Sin que atinara a nada (para
qué gritar? para que la gente al llegar lo matara a palos,
asqueada?), Sabato observó cómo sus pies se iban transformando en
patas de murciélago. No sentía dolor, ni siquiera el cosquilleo que
podía esperarse a causa del encogimiento y resecamiento de la piel,
pero sí una repugnancia que se fue acentuando a medida que la
transformación progresaba: primero los pies, luego las piernas, poco
a poco el torso. Su asco se hizo más intenso cuando se le formaron
las alas, acaso por ser sólo de carne y no llevar plumas. Por fin,
la cabeza. Hasta ese momento, había seguido el proceso con su vista,
y aunque no se atrevió a tocar con sus manos, todavía humanas, las
patas de murciélago, no pudo dejar de ver con horrenda fascinación
las garras de gigantesca rata, arrugada la piel como la de un anciano
milenario. Pero luego, como ya se ha dicho, lo que más lo impresionó
fue el surgimiento de las enormes alas cartilaginosas. Pero cuando el
proceso alcanzó la cabeza y empezó a sentir cómo se alargaba su
hocico y cómo le crecían los largos pelos sobre la nariz husmeante,
su horror alcanzó la máxima e indescriptible intensidad. Durante un
tiempo quedó paralizado en la cama, donde lo había sorprendido la
transformación. Trató de conservar la calma y hacerse un plan. En
ese plan entraba el propósito de mantenerse callado, pues con gritar
sólo lograría el acceso de personas que lo matarían
despiadadamente con fierros. Había, sí, la frágil esperanza de que
comprendieran que esa inmundicia viviente era él mismo, puesto que
no era lógico que se hubiese instalado en su lugar de modo
inexplicable.
En
su cabeza de rata bullían las ideas.
Se
incorporó, por fin, y sentado, trató de serenarse y tomar las cosas
como eran.
Con
cierto cuidado, como si se tratara de un cuerpo extraño a él mismo
(como de algún modo lo era), se movió hasta ponerse en la posición
que acostumbra tomar un ser humano para levantarse de la cama: es
decir, se sentó de costado, con los pies colgando hacia el suelo.

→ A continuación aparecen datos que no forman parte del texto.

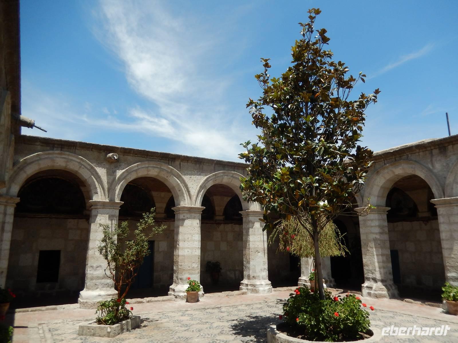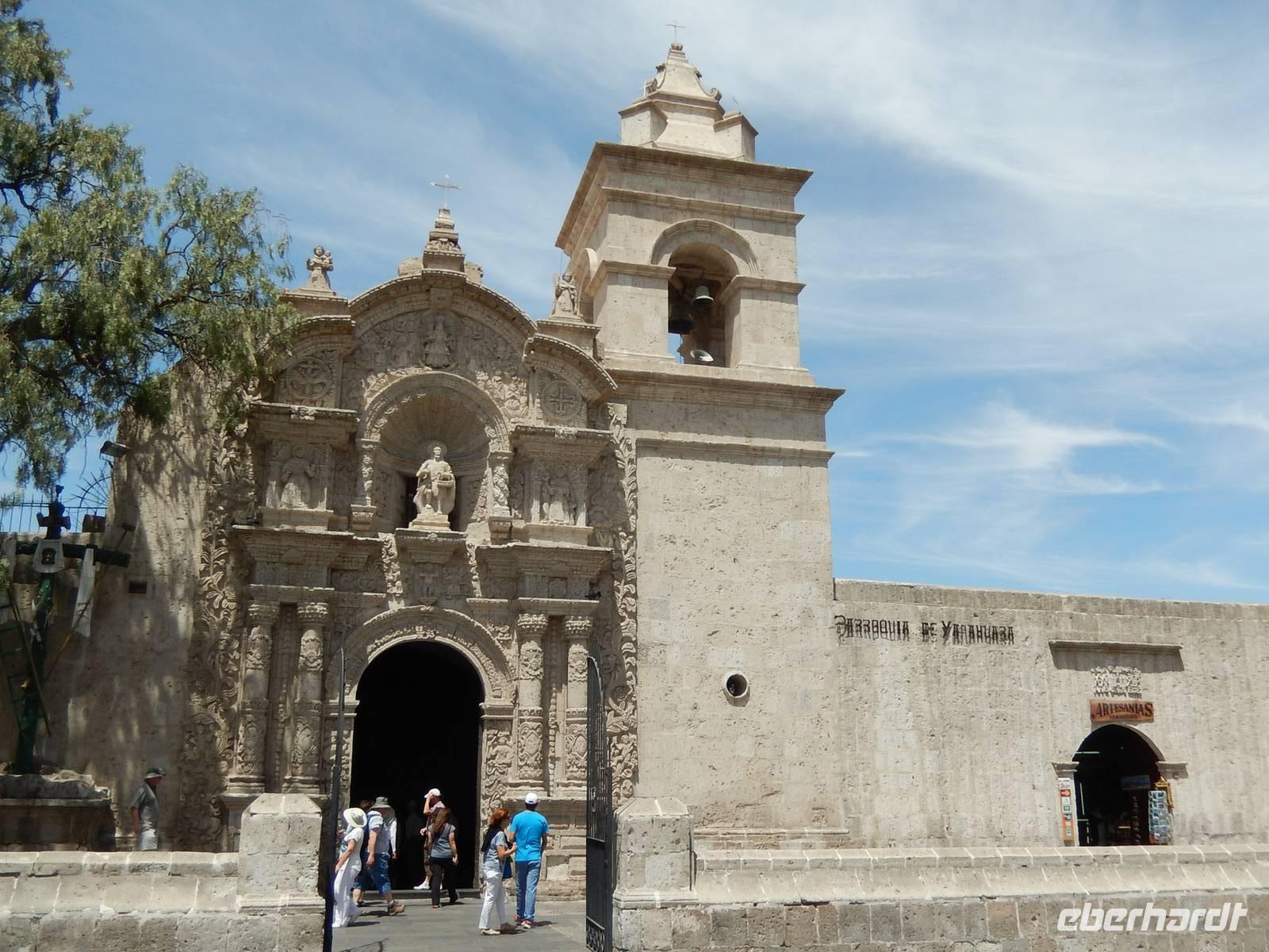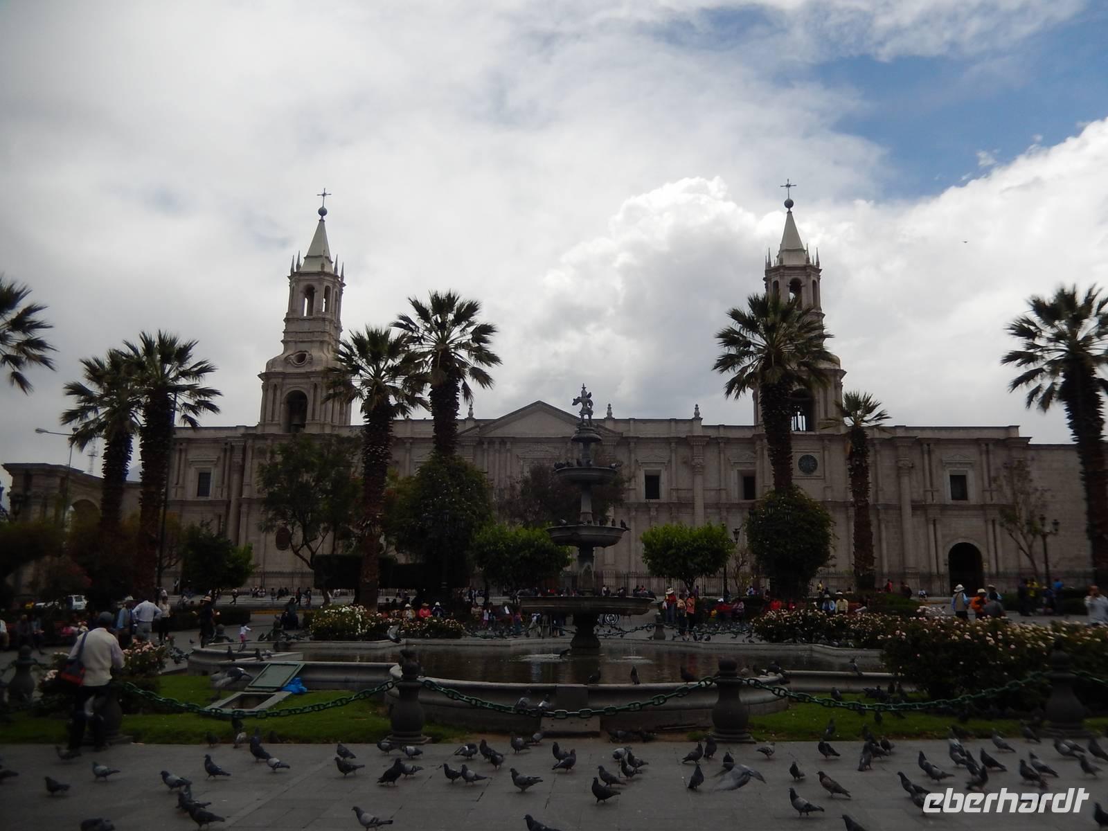 Regelrecht erholsam wollen wir heute erst 9 Uhr starten, doch das erste Highlight gibt es schon beim Frühstück. Unser Hotel direkt am Hauptplatz hat einen Teil des Restaurants auf einem Balkon im Freien und so genießen wir Kaffee und Brötchen mit direktem Blick auf die Kathedrale von Arequipa und wer ganz zeitig da war, kann sogar noch eine Prozession von diesem Logenplatz aus verfolgen. Dann treffen wir unsere neue Reiseleiterin für die nächsten Tage, eine echte Quechua, Yudy. Mit einem neuen Bus geht es zunächst auf Stadtrundfahrt und Yudy kann ihre arequipanische Herkunft und ihren Nationalstolz kaum verbergen als sie uns über den Salpeterkrieg mit Chile und dessen Folgen berichtet. Erster Stopp ist am Aussichtspunkt Mirador del Carmen alto, von wo aus wir einen fantastischen Blick in das fruchtbare Arequipa-Tal haben und die Vulkane Chachani, Misti und Picchu Picchu super im Blick haben. Nebenbei erklärt uns Yudy was es mit den Papaya arequipana auf sich hat und stellt uns auch eine sehr gesunde Wurzel, die Maca, vor, deren Likör wir auch probieren können. Und natürlich darf in Vorbereitung auf die kommenden Tage auch eine Erklärung zu Cocablättern nicht fehlen. Die ersten decken sich auch schon mit entsprechenden Bonbons oder Blättern ein und anschließend geht es weiter in das schöne Viertel Yanahuara, wo wir auch nochmal einen schönen Blick auf die zweitgrößte Stadt des Landes haben und eine Kirche im mestizischen Barock bewundern. Ganz nebenbei bestaunen wir auch noch den Dreh eines Musikvideos. Eine untersetzte Dame, verkleidet als Glitzerbonbon singt zum Playback schmachtende Schnulzen... Am Besten mal das Bild in der Bildergalerie anschauen. Fast alle wichtigen Gebäude sind in Arequipa mit Tuffstein errichtet und verhelfen der Stadt zu ihrem Beinamen, „Die weiße Stadt". Nun kehren wir ins Stadtzentrum zurück und besuchen den Convent Santa Catalina, eine Stadt in der Stadt mit einer Fläche von 20.000 km², die noch heute als Dominikaner-Kloster dient. Carmen führt uns auf deutsch und so lernen wir vieles über das eigentlich ganz bequeme Leben der Nonnen und Novizinnen früherer Tage. Nach gut einer Stunde haben wir Unterkünfte, Küchen, Dormitorium etc. gesehen und laufen mit Yudy zurück zum Hauptplatz, wo wir noch einiges über die Kathedrale und die Jesuitenkirche erfahren. Unser Stadtspaziergang endet im ehemaligen Jesuiten-Kloster und für den Nachmittag haben wir Freizeit. Die Mehrheit nimmt dies zum Anlass, sich in ein kulinarisches Abenteuer zu stürzen. Wir gehen gemeinsam ins schöne Restaurant Paladar 1900 und bestellen fast alle Cuy - Meerschweinchen. Es hat allen geschmeckt, auch wenn man vielleicht das Aussehen besser hintenan stellt und als Peru-Besucher sollte und kann man sich auf dieses Erlebnis ruhig einlassen. Die restliche Zeit bis zum gemeinsamen Abendessen verbringen wir dann mit dem Besuch der Kathedrale, kleineren Einkäufen und einem Getränk auf der Terrasse des Hotels. Am Abend speisen wir in einem Restaurant ca. 5 Minuten vom Hotel entfernt. Im ZIG-ZAG haben sich die meisten für Quinoa-Suppe (eine Art peruanischer Reis als Grundmittel) und die Trilogie vom Fleisch entschieden - so haben wir heute kulinarisch einen Rundumschlag mit peruanischen Spezialitäten getan. Es war köstlich und Herr Reinhold stellt sogar fest, die „...beste Lachsforelle seines Lebens..." gegessen zu haben.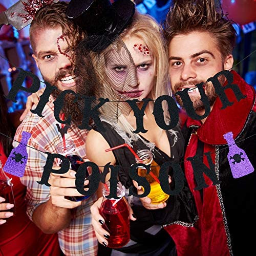 What you will get: 1Pcs Black Glittery Pick Your Poison Banner,Perfect for Halloween Party Decorations,High Quality Made. Party Decorations: Unique Design,Perfect for Halloween Party Decorations,Halloween Party Supplies,Fireplace Mantle Home Decor,Yard Decor,Haunted House Decorations. Banner Size: Use High Quality ECO-friendly Glitter Paper,Banner Each Card length approx is 6.7(17cm),Banner Need ASSEMBLY!! Very Easy!!! Perfect for hunging from branches and ceilings, or open against a wall, hanging up dessert tables, backdrops, and the overall party space,the adornment of the integral collocation of color is also very perfect place you want to decorate. Design: High Quality Material,Meet your quality needs,Our product design will highlight your gathering,And your satisfaction is our pleasure.

Entonces advirtió que las patas no alcanzaban el piso.
Pensó
que por la contracción de los huesos, su tamaño se había hecho
menor, aunque no demasiado, lo que explicaba la piel tan arrugada.
Calculó que su estatura podía alcanzar más o menos el metro
veinte. Se levantó, y se contempló en el espejo.
Durante
largo rato permaneció sin moverse. Había perdido la calma y ahora
lloraba en silencio ante el horror.
Hay
gente que tiene ratas en su casa, fisiólogos como Houssay, que
experimentan con esos asquerosos bichos. Pero él había pertenecido
siempre a la clase de gente que siente invencible asco ante la sola
vista de una rata. Es imaginable, pues, lo que podía sentir ante una
rata de un metro veinte, con inmensas alas cartilaginosas, con la
repulsiva piel arrugada de esos monstruos. Y él dentro!
Su
vista había comenzado a debilitarse y entonces tuvo la repentina
convicción de que ese debilitamiento no era un fenómeno pasajero ni
producto de su emoción, sino que avanzaría paulatinamente hasta
llegar a la ceguera total. Así fue: en pocos segundos más, aunque
esos segundos le parecieron siglos de catástrofes y pesadillas, sus
ojos llegaron a la absoluta negrura. Quedó paralizado, aunque sentía
que su corazón golpeaba tumultuosamente y que su piel temblaba de
frío. Luego, poquito a poquito, se acercó tanteando hacia la cama y
se sentó a su costado.
Así
permaneció un tiempo. Hasta que de pronto, sin poder retener,
olvidando su plan y sus razonables prevenciones, se encontró
lanzando un inmenso y pavoroso grito de socorro. Pero un grito que no
era humano ya sino el estridente y nauseabundo chillido de una
gigantesca rata alada. Vino gente, como es natural.
Pero
no manifestó ninguna sorpresa. Le preguntaron qué pasaba, si se
sentía mal, si quería una taza de té.
No
advertían su cambio, era evidente.
No
respondió nada, no dijo una sola palabra, pensando que sólo
lograría que lo tomasen por loco. Y decidió tratar de vivir de
cualquier manera, guardando su secreto, aun en condiciones tan
horrendas.
Porque
el deseo de vivir es así: incondicional e insaciable.
Abaddón el exterminador, 1974.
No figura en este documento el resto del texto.